# 3 frame nucs after almonds



## Father & Sons Apiary (Sep 4, 2013)

I am planning to make 3 frame splits this year. One of my close friends made 300 hives out of 70 hives. This was his method.

20 frames of bees in one hive. Take away 3 frames that make a nuc. Leave the hive with 3 frames of bees. That makes 4 nucs from one hive. Plus with the hive it generates 5 hives altogether. He had 70 hives in the spring then after almonds he visited the orange groves and there he split them and now has a little over 300 hives. All his hives have around 10-16 frames of bees clustering. All his hives are strong and ready to be split again after the almonds. I would like to clarify with other beekeepers about this method I would like to use it if it works.


----------



## Kamon A. Reynolds (Apr 15, 2012)

yes that works if you have mated queens or cells ready for introduction to the splits. Not all the cells will take. 

In theory yes that can work if you have a strong hive with 20 frames of bees.


----------



## RAK (May 2, 2010)

Using mated queens you could accomplish your goal. With queen cells you would need proper nuc placement. I have placed nucs into the oranges last spring with roughly 85% mating success. Just keep in mind that oranges dont always make honey. You might have to feed those nucs but that depends on year and location.


----------



## Father & Sons Apiary (Sep 4, 2013)

RAK said:


> Using mated queens you could accomplish your goal. With queen cells you would need proper nuc placement. I have placed nucs into the oranges last spring with roughly 85% mating success. Just keep in mind that oranges dont always make honey. You might have to feed those nucs but that depends on year and location.


]
Yes I will probably purchase not mated queens, but hatched queens. I am planning to use the 5 hive method (the way I call it), so I can increase my hive numbers and the following year to get around 500-800 hives. I am not depending on a honey crop at all so the hives can go into winter with enough stores.

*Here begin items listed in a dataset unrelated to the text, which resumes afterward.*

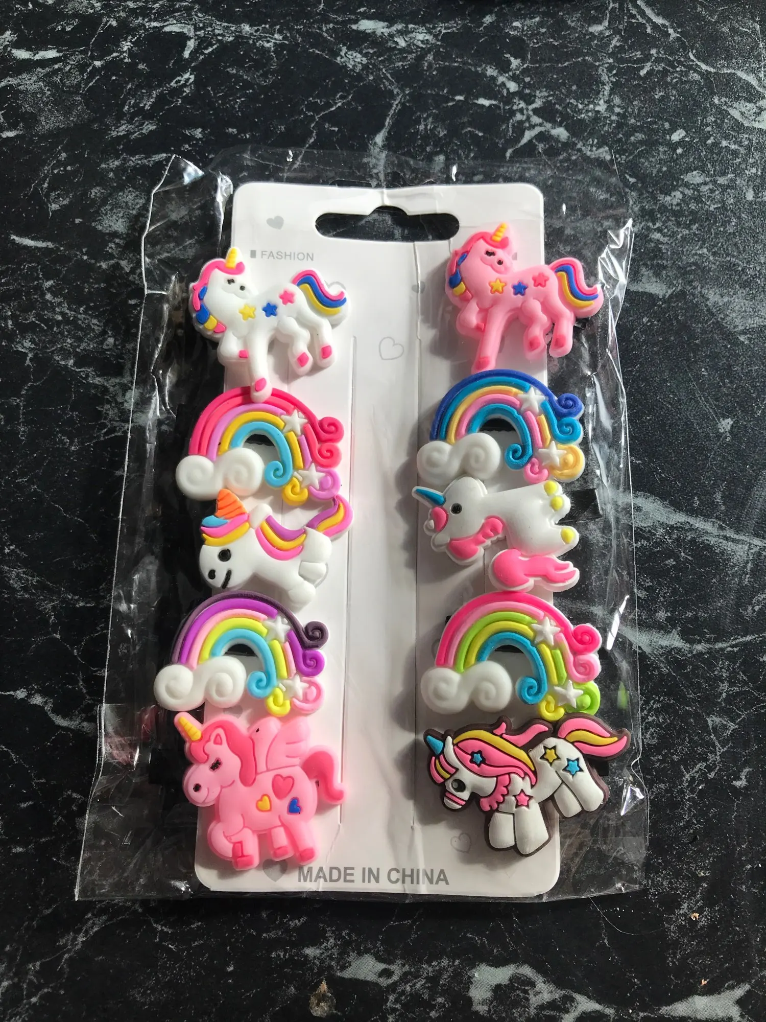До Волгограда дошло за две недели, заказ не отслеживался, заколочки хороши почти без запаха, дочка довольна, советую к покупке.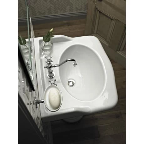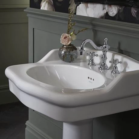 A great choice for modern and period bathrooms, the New Victoria range will make a real statement. This stunning Standard Basin and Pedestal is crafted from high grade white vitreous china and comes with 3 tap holes. Combine with Heritages range of elegant traditional taps to complete the look. Heritage offer a lifetime guarantee on all of their sanitaryware.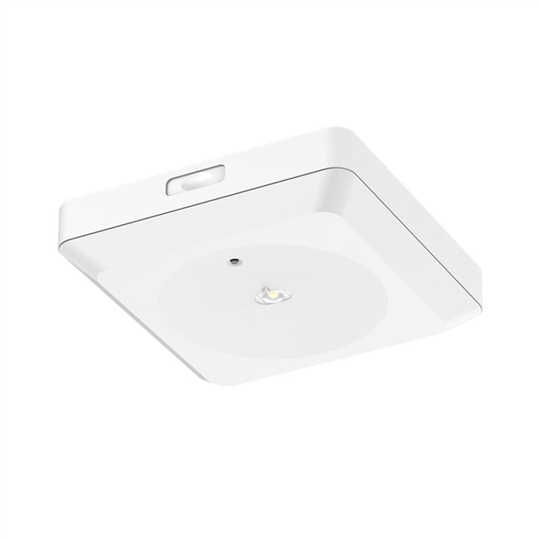 LED Notleuchte für Deckenanbau, mit Flächenoptik, mit Einzelbatterie Notdauer 3 Stunde, Automatischer Selbsttest, Bereitschaftsbetrieb, Leuchtenkörper aus Kunststoff, Gehäusefarbe weiss, mit LiFePO4 6.4V 1500mAh, Aufladezeit 12 Stunden, Schutzklasse II, Schutzart IP20, Garantie 2 Jahre.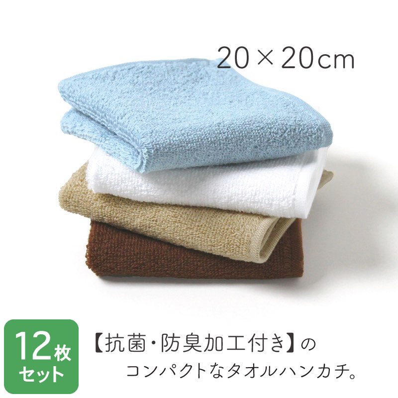 【抗菌・防臭加工】 ミニタオルハンカチ 約20×20cm・同色12枚セット
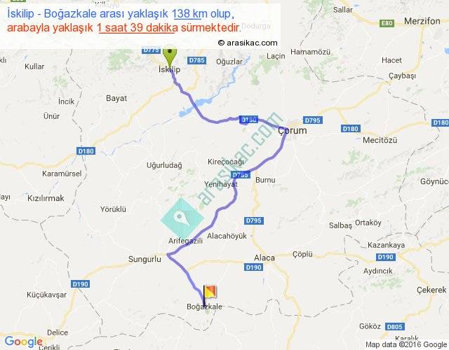 İskilip - Boğazkale arası yaklaşık olarak 90 km/h ile yukarıda belirtilen sürede olup, iki yerin kuş uçuşu uzaklığı (mesafesi) 79'dir. Yolculuk otobüsle 2 saat 8 dakika sürmektedir.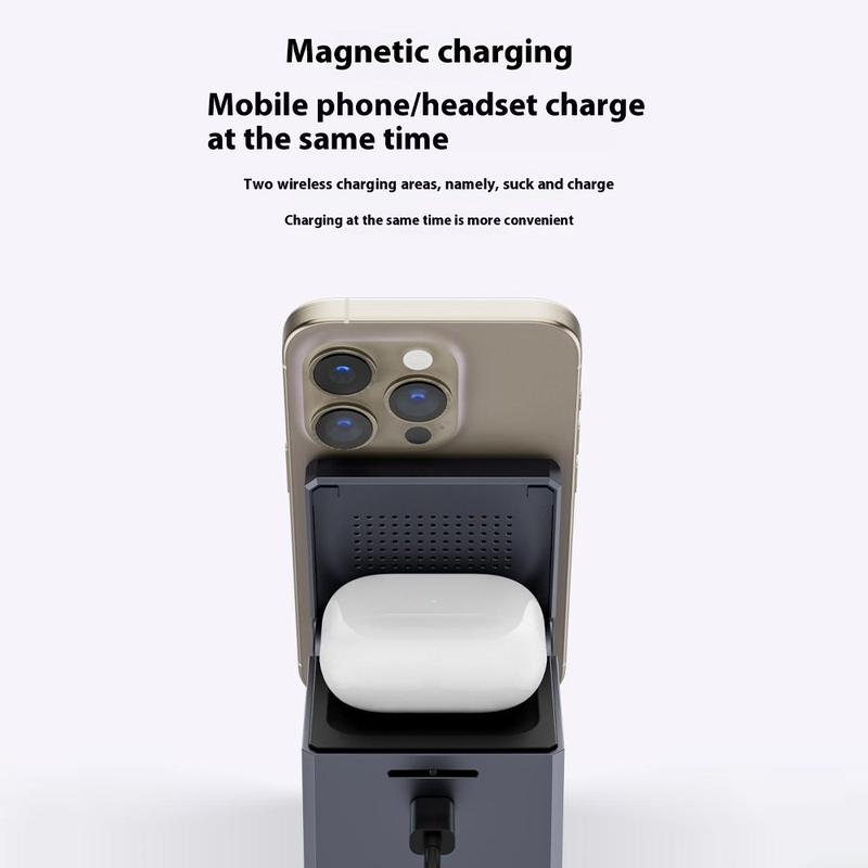 - 3-i-1-opladning: Understøtter samtidig opladning af iPhone, Apple Watch og AirPods.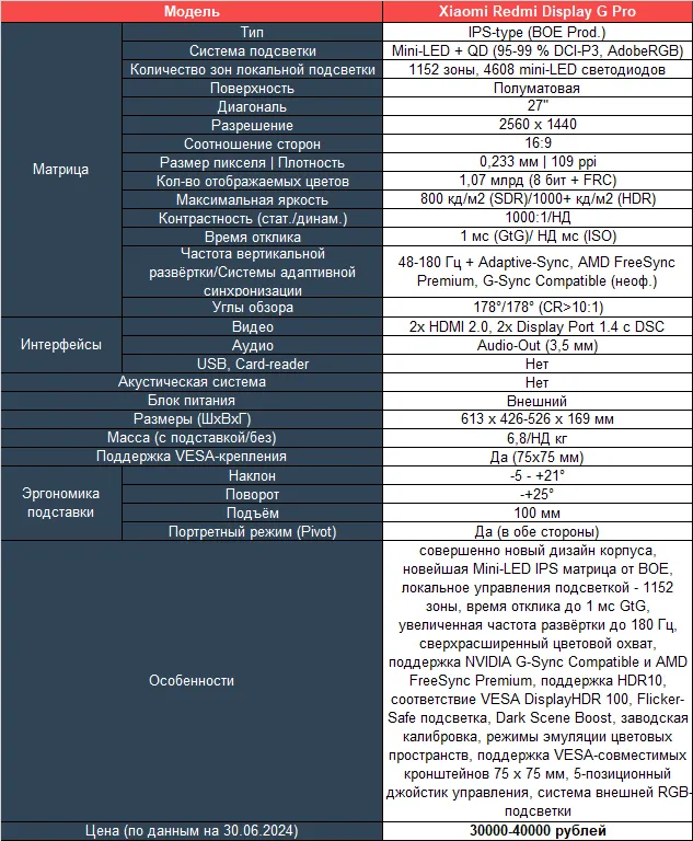 Говоря про конкурентов мы, конечно же, могли назвать с десяток популярных 27-дюймовых игровых WQHD IPS c частотой от 144 до 180 Гц, но в этом нет никакого смысла – вы их хорошо знаете, но реальными конкурентами Xiaomi Redmi Display G Pro они не являются из-за отсутствия той самой продвинутой Mini-LED подсветки. Другими словами – дисплей от Xiaomi играет на совершенно ином уровне (в другой лиге), хотя предлагается за сумму обычного LED монитора. Это нонсенс!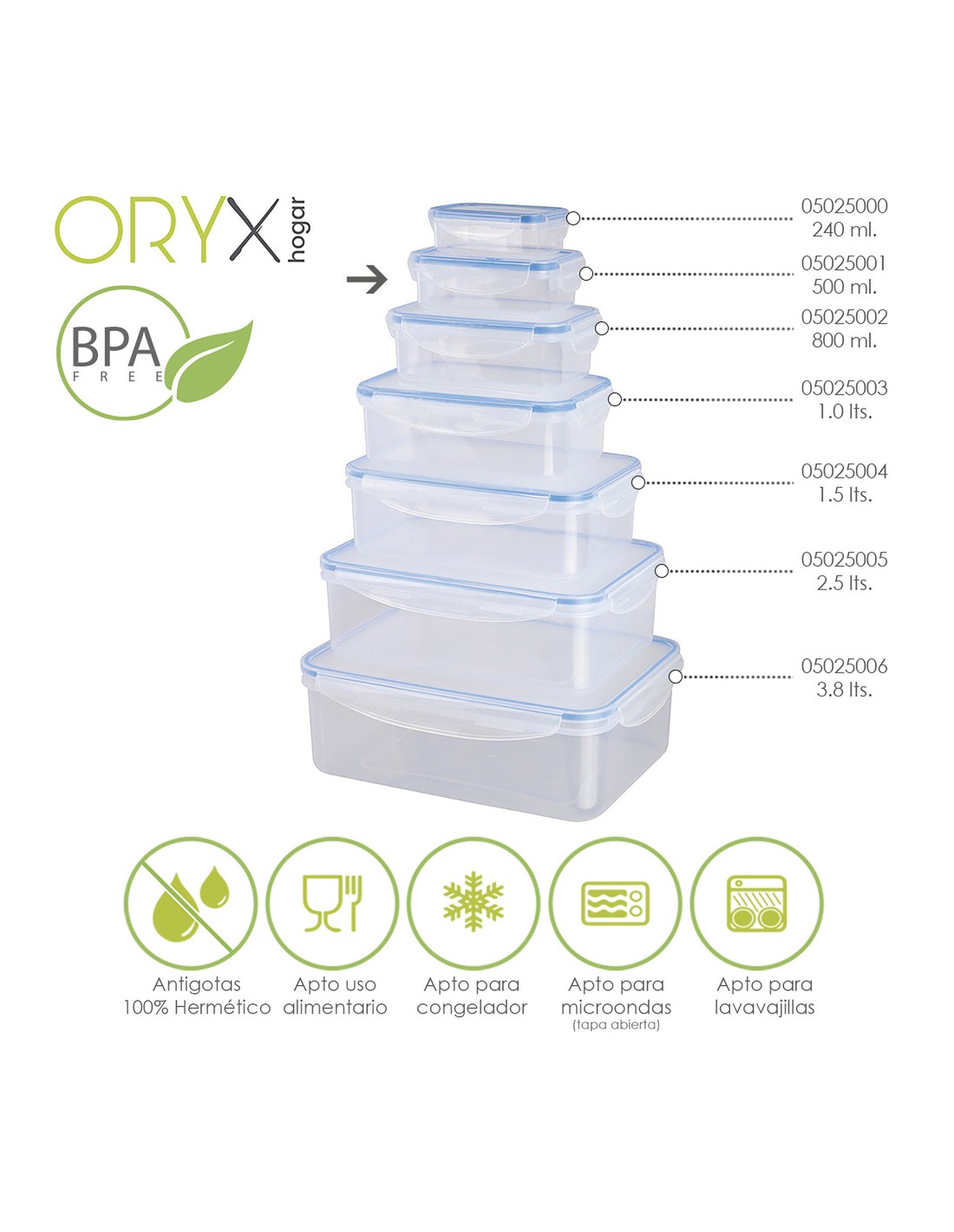 - Recipientes herméticos para una mejor conservación y un transporte sin derrames. Las tapas cuentan con un sistema de 4 cierres de bloqueo además están realizadas en silicona inyectada que se adhiere al recipiente aislando los alimentos de gérmenes y olores externos y favoreciendo su perfecta conservación.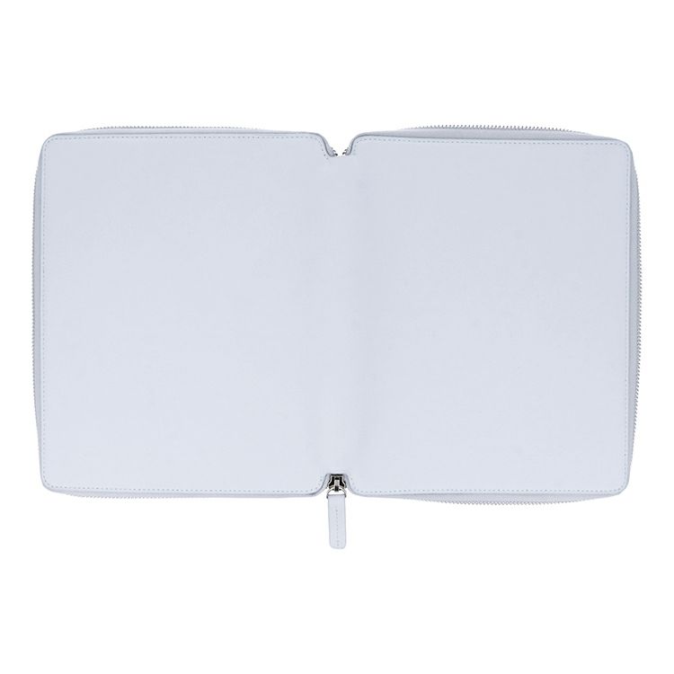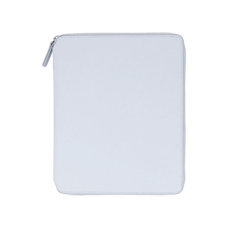 カラーは爽やかな色味のアイスブルー。アイスブルーのラウンドケースは、直営店のDELFONICS Web Shopのみで販売する限定カラーです。やわらかでふっくらとした厚みが心地よく、手に吸いつくようなマットな質感です。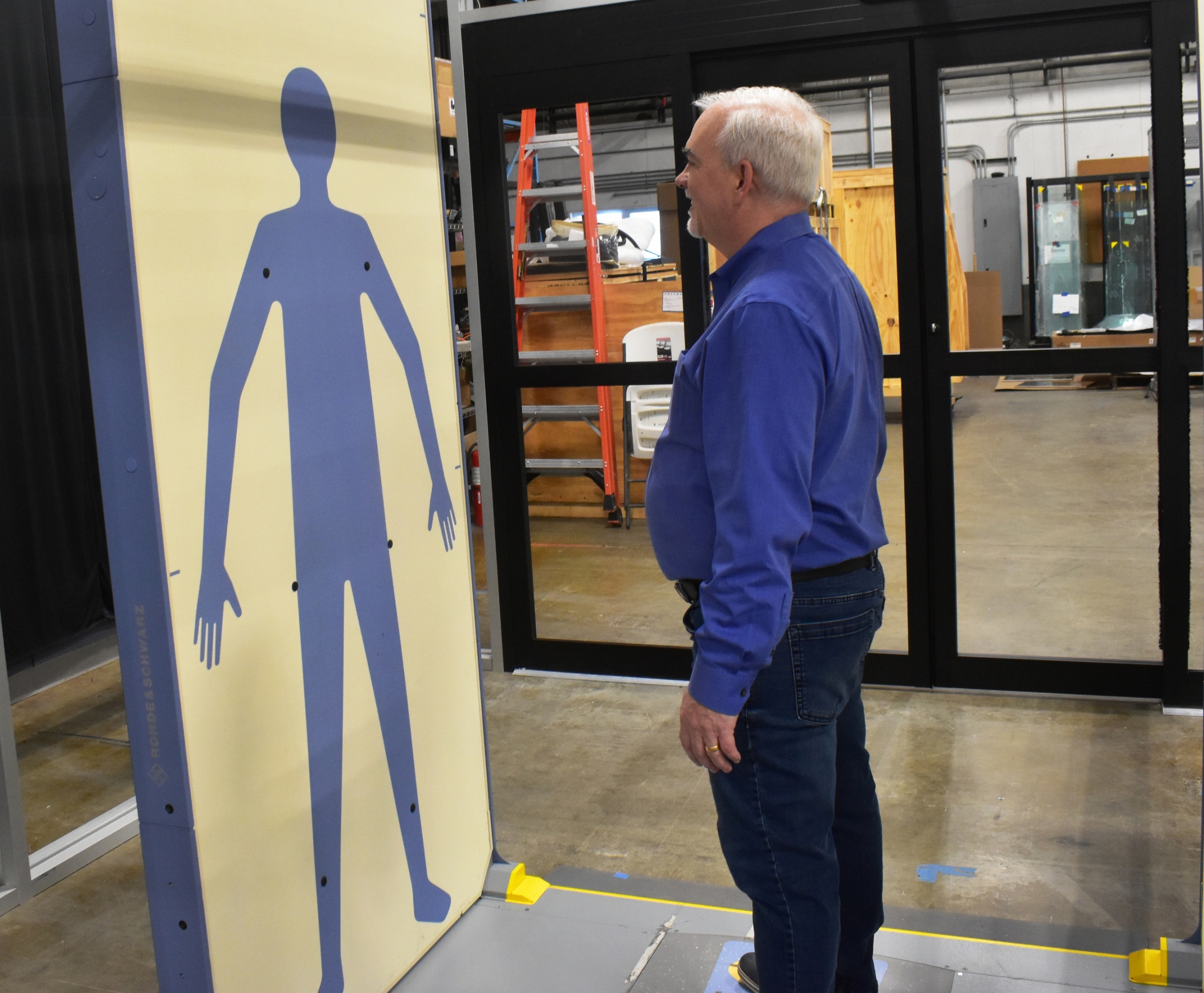 Steve Caroselli, CEO and president of Orion Entrance Control, stands Feb. 19 inside his company’s DataGuard automated screening system for data centers.
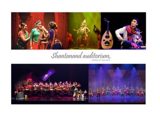 This document provides a case study analysis of the acoustic design of Shantanand Auditorium located in Kuala Lumpur, Malaysia. It begins with an introduction to the auditorium including its background, history, photos and drawings. It then discusses acoustic concepts relevant to architectural design such as sound absorption, reverberation time, attenuation and echoes. The document aims to analyze key acoustic design aspects of the auditorium and provide suggestions to improve its acoustic qualities.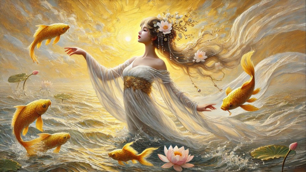 Artwork details Medium : Giclée print on Canvas , Wood Framing : Framing on request Dimensions : 24x42in Edition : 47 / 50 Artist’s proof : 3 Hors commerce : 3 About this artwork In creating this piece, I envisioned a realm where the essence of serenity and vitality merge harmoniously. I chose to represent this union through the synergy between the fluid grace of the koi fish and the ethereal, tranquil form of the woman, encapsulating a moment of pure fulfillment and peace. Each element, from the subtle flow of her gown to the dynamic swirls in the waters, emphasizes a balance between movement and stillness, aiming to inspire a sense of tranquility and inspiration in your living space. This Giclee art is printed in color on artist-quality canvas, has a UV coating, and is stretched on premium wood stretchers. Once you reserve your digital painting, it will take me a few days to print it and have it ready to ship to you as soon as possible. This process usually takes about 5-7 business days. It will then be sent to your home address. All giclee prints will be signed on the back to ensure authenticity as my artwork.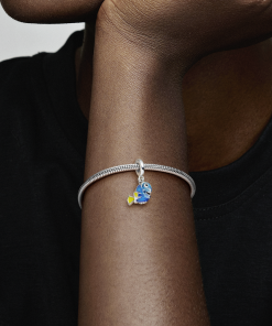 Channel your inner optimist with Pixar’s Dory. This sterling silver dangle charm features the much-loved forgetful fish brought to life with hand-applied enamel in transparent blue. yellow and black. with raised detailing on her fins and a characteristic sunny smile. Her articulated tail can move from side to side like she’s really swimming. Add this charm to your line-up as a reminder to stay focussed on your goals – and never forget to look on the bright side!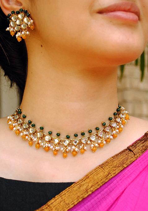 Kundan Chunky Pendant Mint Green Beads Choker Necklace Set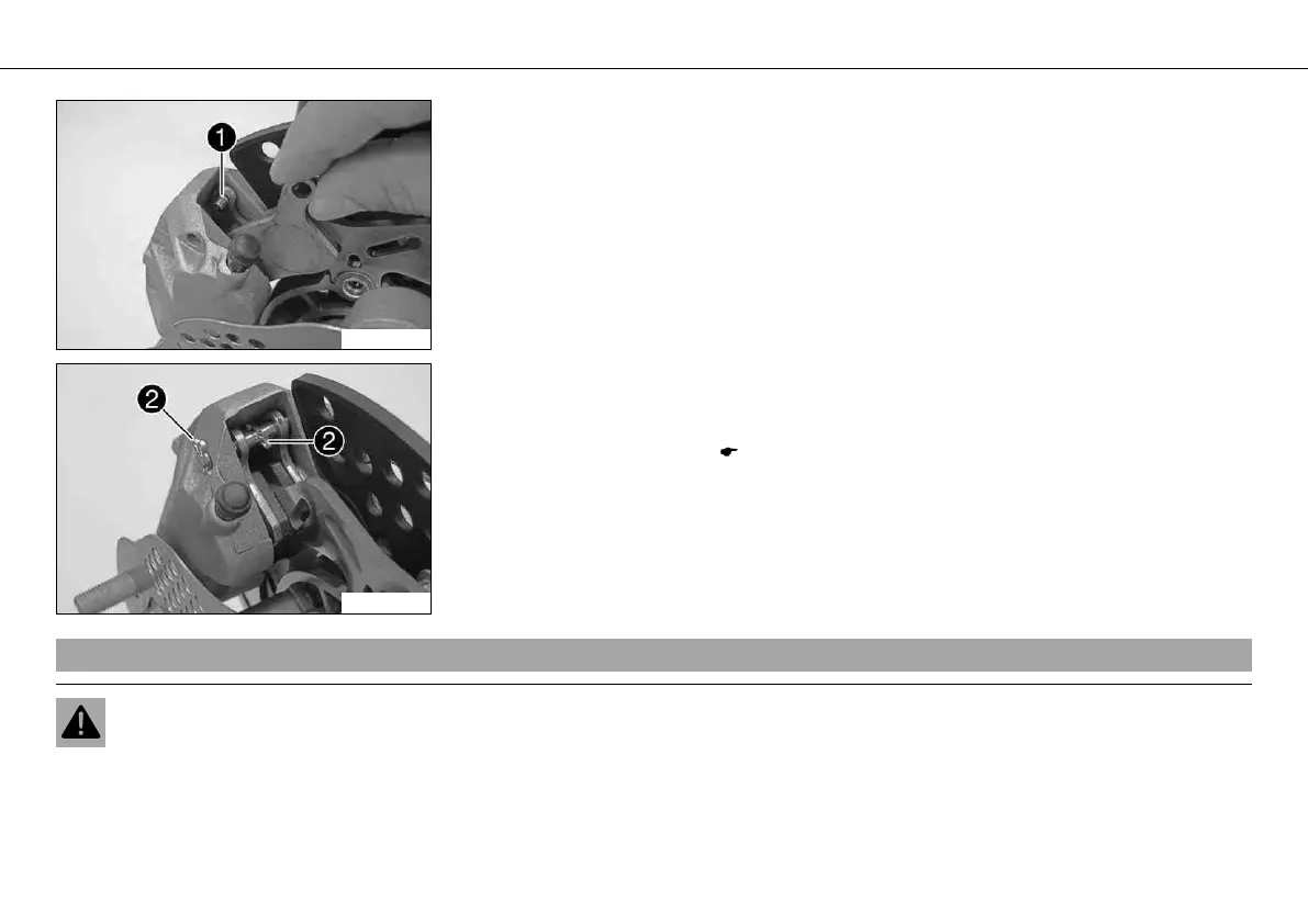– Insert the external brake lining into the brake caliper and slide the bolts in all the way.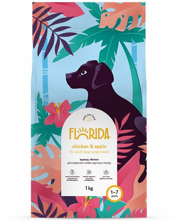 Ниже Вы можете прочитать отзывы на Florida сухой корм для взрослых собак крупных пород с курицей и яблоком 1кг, ознакомится с подробными характеристиками, посмотреть интересные обзоры и фотографии на Florida сухой корм для взрослых собак крупных пород с курицей и яблоком 1кг.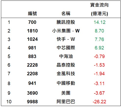 港股通上一交易日十大成交個股資金流排名

I will be feeding them pollen-sub and hfcs and plus I have around 6 thousand drawn out deep frames, so the nucs will not have to draw out new comb, making them build up faster. After the oranges I will go to blueberries they start blooming on April 1st following that raspberries,blackberries, ect.


----------



## RAK (May 2, 2010)

Purchasing virgins is a bad idea IMO. You will have very poor acceptance...Your better off purchasing 2 queen cells per nuc. Picking up cells is the best $$ deal you could get for queens.


----------



## jim lyon (Feb 19, 2006)

http://hal.archives-ouvertes.fr/docs/00/89/22/17/PDF/hal-00892217.pdf


----------



## Father & Sons Apiary (Sep 4, 2013)

RAK said:


> Purchasing virgins is a bad idea IMO. You will have very poor acceptance...Your better off purchasing 2 queen cells per nuc. Picking up cells is the best $$ deal you could get for queens.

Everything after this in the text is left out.